Occasional patients with KD may present with severe manifestations leading to PICU admission. These include altered mental status, ischemic colitis secondary to mesenteric vasculitis [7], heart failure secondary to myocarditis [10], acute respiratory distress syndrome, and renal failure [6]. Recently, two case-controlled studies described patients with KD admitted to the PICU with hypotensive shock [2, 3]. Our patient and the series reported by Dominguez et al. [2] were fulfilling the criteria of KD shock syndrome (KDSS) established by Kanegaye et al. [3]. These criteria are an association of KD features with sustained decrease in systolic blood pressure from baseline of ≥20%, or clinical signs of poor perfusion.
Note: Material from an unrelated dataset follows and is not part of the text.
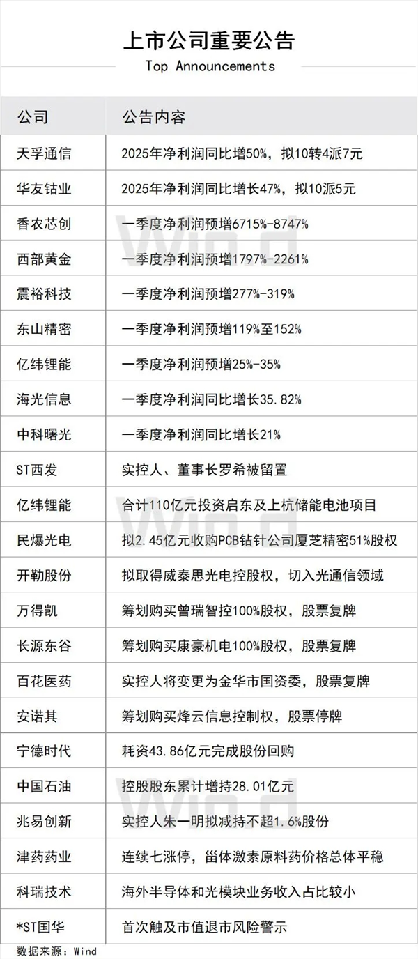 4、全国服务业大会召开在即,推动服务业扩能提质举措将推出。国家发改委主任郑栅洁此前表示,两会后将召开全国服务业大会,国家将出台一系列扩能提质举措。“十五五”时期,预计服务业规模将突破100万亿元。

Data from these reports describe the following common characteristics among patients with KDSS compared with patients with KD who were not admitted to the PICU: patients with KDSS were more likely to be female, and to have laboratory finding consistent with more inflammation, manifested by significantly more bands, lower platelet count, a higher CRP level, and a lower serum albumin level. These patients were more likely to have IVIG resistance and to require a second dose of IVIG or a second-line therapy (steroids or infliximab) and higher rate of coronary artery dilatation and aneurysm formation.

Features of KDSS can be strongly suggestive of toxic shock syndrome, in this context; echocardiography to search for coronary artery dilatation is of paramount importance to adjust the diagnosis and to start the appropriate treatment [9].

Questions remain concerning the precise mechanisms of hypotension in KD. It is most likely multifactorial. The high inflammatory markers and the consumptive coagulopathy suggest more intense vasculitis with capillary leak, cytokines dysregulation, and myocardial dysfunction with impaired systolic and diastolic function. In the study of Kanegaye et al., 31% of the patients with KDSS had low ejection fraction witch resolved promptly with therapy but abnormal ventricular diastolic function persisted during the follow-up. Our patient's heart function was normal indicating that the hypotension was mainly related to altered vasomotor tone and reduced vascular resistance. The majority of patients in the two studies met clinical criteria for KD; despite that KD was not the leading diagnosis in these patients, most likely because of the failure to consider KD in patients who present with hypotension requiring inotropic support and ICU admission.

Conclusion

This case report highlight that KD may present with severe shock, emphasizing the need for physicians to remain aware of the full range of clinical symptoms associated with the disease.